§ Assigned task
Images should be left out, and everything else in the listing reproduced exactly.

§ Available data
============
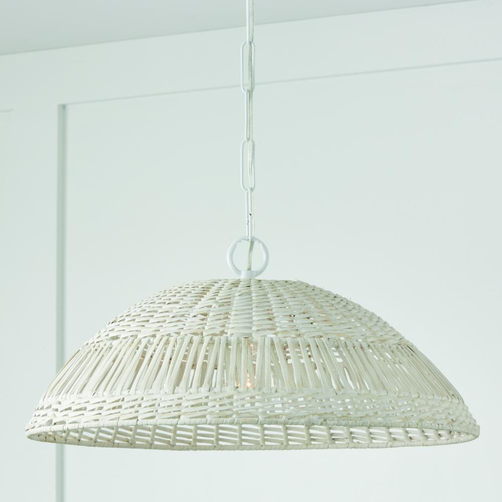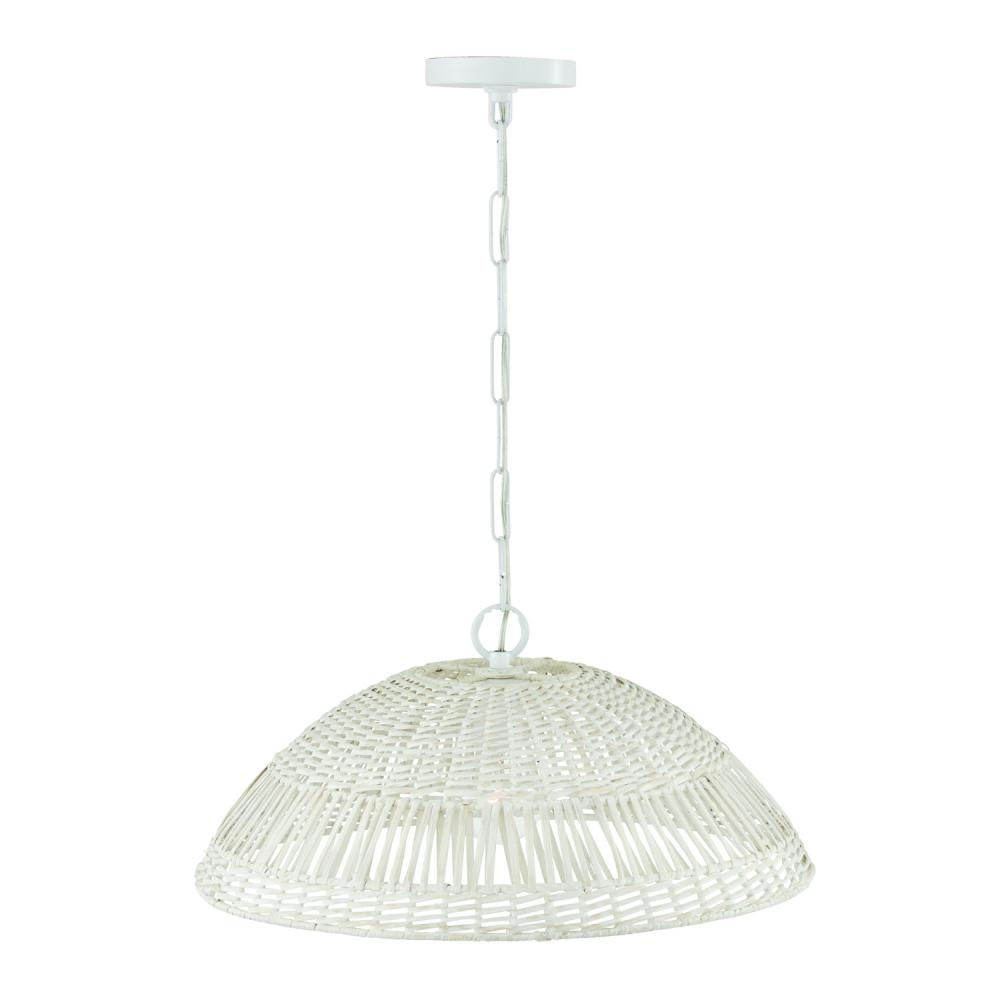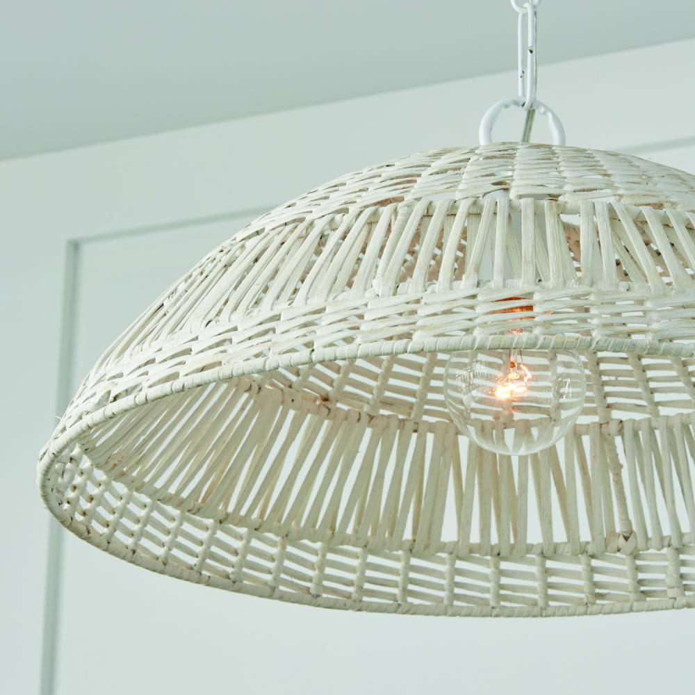 21"W x 9.25"H 1-Light Pendant in Chalk White with Hand-Woven Painted Rattan Basket
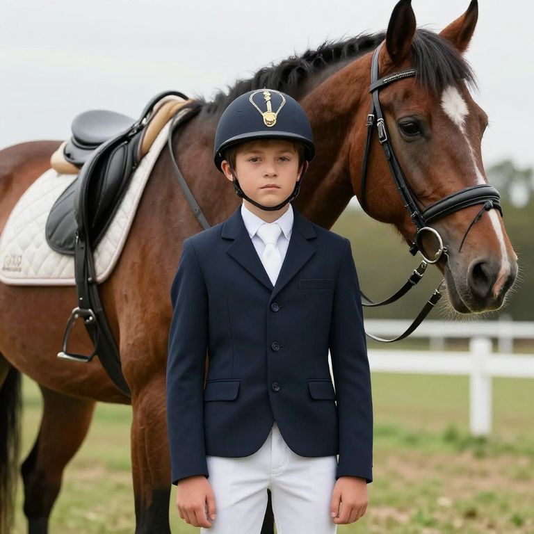Photograph of a young boy standing in front of a brown horse with a white stripe on its face. The boy, with light skin and dark hair, wears a navy blue equestrian helmet, navy blazer, white shirt, and white pants. The horse is equipped with a black saddle and bridle, standing on a grassy field with a blurred white fence in the background. The boy's expression is serious, and the image has a slightly over-saturated color effect.
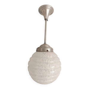 Suspension globe en verre moulé Art Déco, 1930
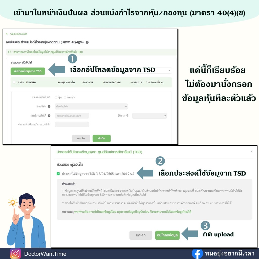 เมื่อเข้ามาในหน้าเงินปันผล ส่วนแบ่งกำไรจากหุ้น/กองทุน (มาตรา 40(4)(ข) แล้วเลือก เลือกอัปโหลดข้อมูลจาก TSD
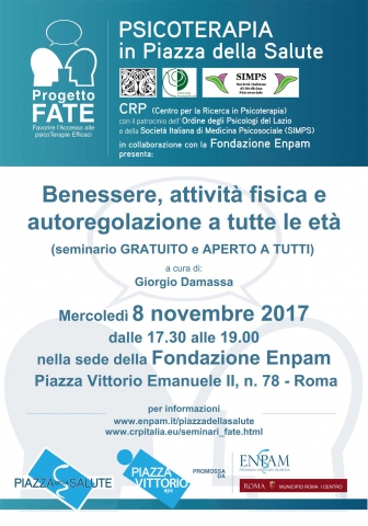 Segnaliamo l'iniziativa del CRP (Centro per la Ricerca in Psicoterapia) nell'ambito dei Progetti FATE (Favorire l'Accesso alle psicoTerapie Efficaci) e "Piazza della Salute", realizzata in collaborazione con la Fondazione Enpam e con il patrocinio dell'Ordine degli Psicologi del Lazio e della Società Italiana di Medicina Psicosociale (SIMPS).Conduce il seminario GRATUITO E APERTO A TUTTI: Giorgio Damassa
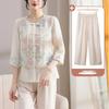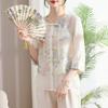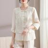 Hedvábný top s výšivkou, módní košile na knoflíky v čínském stylu
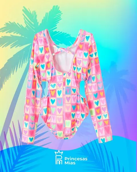 Enterizo de gimnasia para niñas, Corazones manga larga de poliéster 85% spandex 15%, estilo deportivo casual preppy, cuello redondo, tejido de punto, estiramiento medio, estampado corazon, para cumpleaños, fiesta, playa, deportes. 87% Poliéster 13% Elastano. Forro 90% Poliéster 10% Elastano
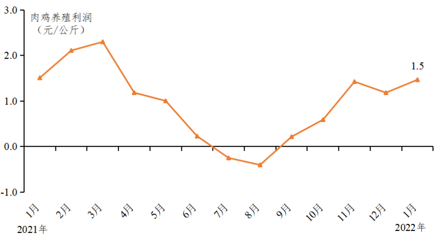 饲料价格居高不下,肉鸡养殖成本和鸡蛋生产成本均稳中有涨。据省农业信息监测体系数据,肉鸡母鸡苗价为3.4元/羽,环比持平;肉鸡养殖成本为17.3元/公斤,环比上涨0.4%;1月平均盈利1.5元/公斤,利润率为7.8%,较上月上升1.4个百分点;其中,中、慢速型肉鸡分别盈利0.8元/公斤和1.8元/公斤。
============
§ Exercise solution
 21"W x 9.25"H 1-Light Pendant in Chalk White with Hand-Woven Painted Rattan Basket
Photograph of a young boy standing in front of a brown horse with a white stripe on its face. The boy, with light skin and dark hair, wears a navy blue equestrian helmet, navy blazer, white shirt, and white pants. The horse is equipped with a black saddle and bridle, standing on a grassy field with a blurred white fence in the background. The boy's expression is serious, and the image has a slightly over-saturated color effect.
 Suspension globe en verre moulé Art Déco, 1930
 เมื่อเข้ามาในหน้าเงินปันผล ส่วนแบ่งกำไรจากหุ้น/กองทุน (มาตรา 40(4)(ข) แล้วเลือก เลือกอัปโหลดข้อมูลจาก TSD
 Segnaliamo l'iniziativa del CRP (Centro per la Ricerca in Psicoterapia) nell'ambito dei Progetti FATE (Favorire l'Accesso alle psicoTerapie Efficaci) e "Piazza della Salute", realizzata in collaborazione con la Fondazione Enpam e con il patrocinio dell'Ordine degli Psicologi del Lazio e della Società Italiana di Medicina Psicosociale (SIMPS).Conduce il seminario GRATUITO E APERTO A TUTTI: Giorgio Damassa
 Hedvábný top s výšivkou, módní košile na knoflíky v čínském stylu
 Enterizo de gimnasia para niñas, Corazones manga larga de poliéster 85% spandex 15%, estilo deportivo casual preppy, cuello redondo, tejido de punto, estiramiento medio, estampado corazon, para cumpleaños, fiesta, playa, deportes. 87% Poliéster 13% Elastano. Forro 90% Poliéster 10% Elastano
 饲料价格居高不下,肉鸡养殖成本和鸡蛋生产成本均稳中有涨。据省农业信息监测体系数据,肉鸡母鸡苗价为3.4元/羽,环比持平;肉鸡养殖成本为17.3元/公斤,环比上涨0.4%;1月平均盈利1.5元/公斤,利润率为7.8%,较上月上升1.4个百分点;其中,中、慢速型肉鸡分别盈利0.8元/公斤和1.8元/公斤。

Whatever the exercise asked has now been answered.